> Data provided
*****

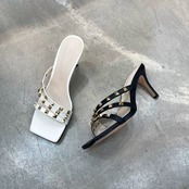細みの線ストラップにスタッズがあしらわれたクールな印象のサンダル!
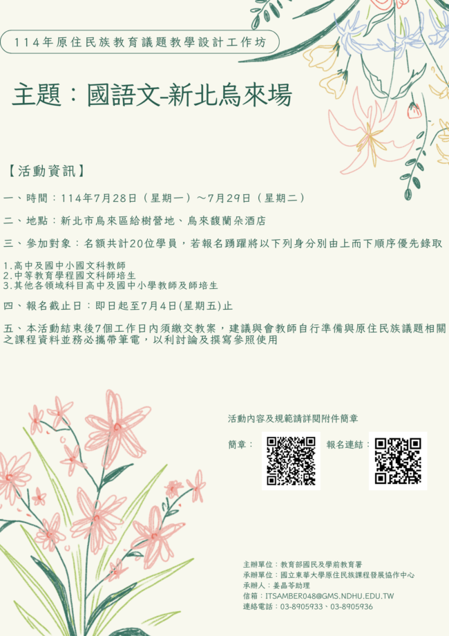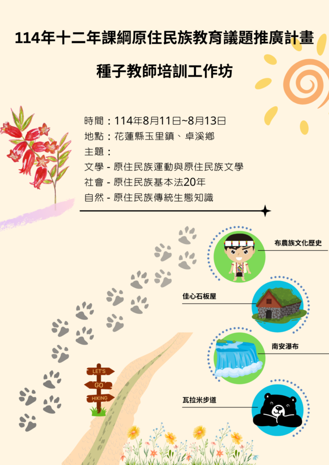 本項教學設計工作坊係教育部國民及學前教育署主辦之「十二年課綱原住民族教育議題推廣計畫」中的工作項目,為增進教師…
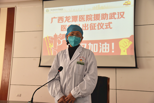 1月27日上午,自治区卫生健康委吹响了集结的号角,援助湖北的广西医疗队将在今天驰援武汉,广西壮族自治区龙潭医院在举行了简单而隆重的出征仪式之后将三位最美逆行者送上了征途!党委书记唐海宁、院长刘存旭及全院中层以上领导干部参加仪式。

*****

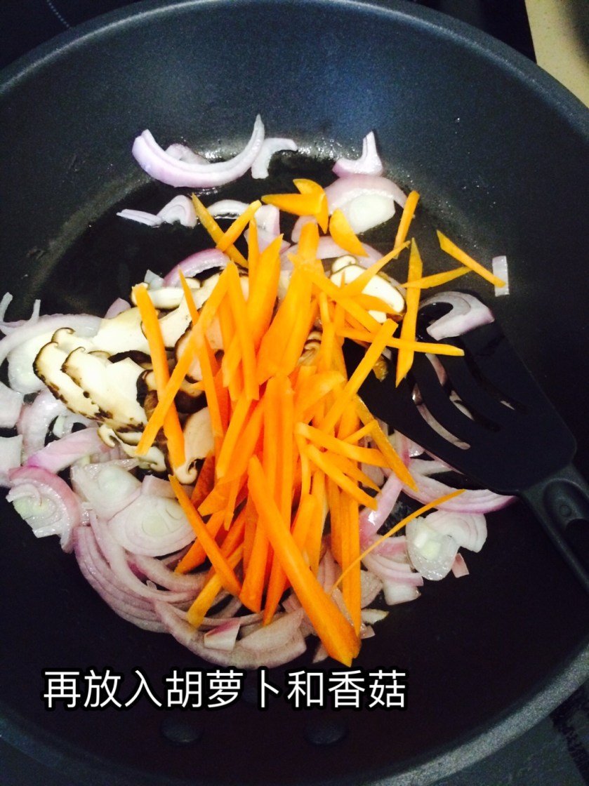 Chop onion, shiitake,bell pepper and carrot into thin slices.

*****

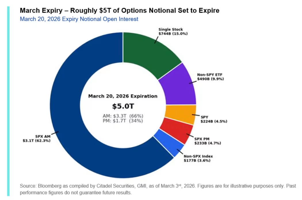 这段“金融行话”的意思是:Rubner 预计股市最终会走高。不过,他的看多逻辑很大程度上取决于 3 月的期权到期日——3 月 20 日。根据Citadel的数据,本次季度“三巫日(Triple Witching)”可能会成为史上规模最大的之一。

*****

Return exactly the lines of the material above, starting at the line containing "細みの線ストラップにスタッズがあしらわれたクールな印象のサンダル!" and finishing at the line containing "1月27日上午,自治区卫生健", without any pictures.

> Problem solution
細みの線ストラップにスタッズがあしらわれたクールな印象のサンダル!
 本項教學設計工作坊係教育部國民及學前教育署主辦之「十二年課綱原住民族教育議題推廣計畫」中的工作項目,為增進教師…
 1月27日上午,自治区卫生健康委吹响了集结的号角,援助湖北的广西医疗队将在今天驰援武汉,广西壮族自治区龙潭医院在举行了简单而隆重的出征仪式之后将三位最美逆行者送上了征途!党委书记唐海宁、院长刘存旭及全院中层以上领导干部参加仪式。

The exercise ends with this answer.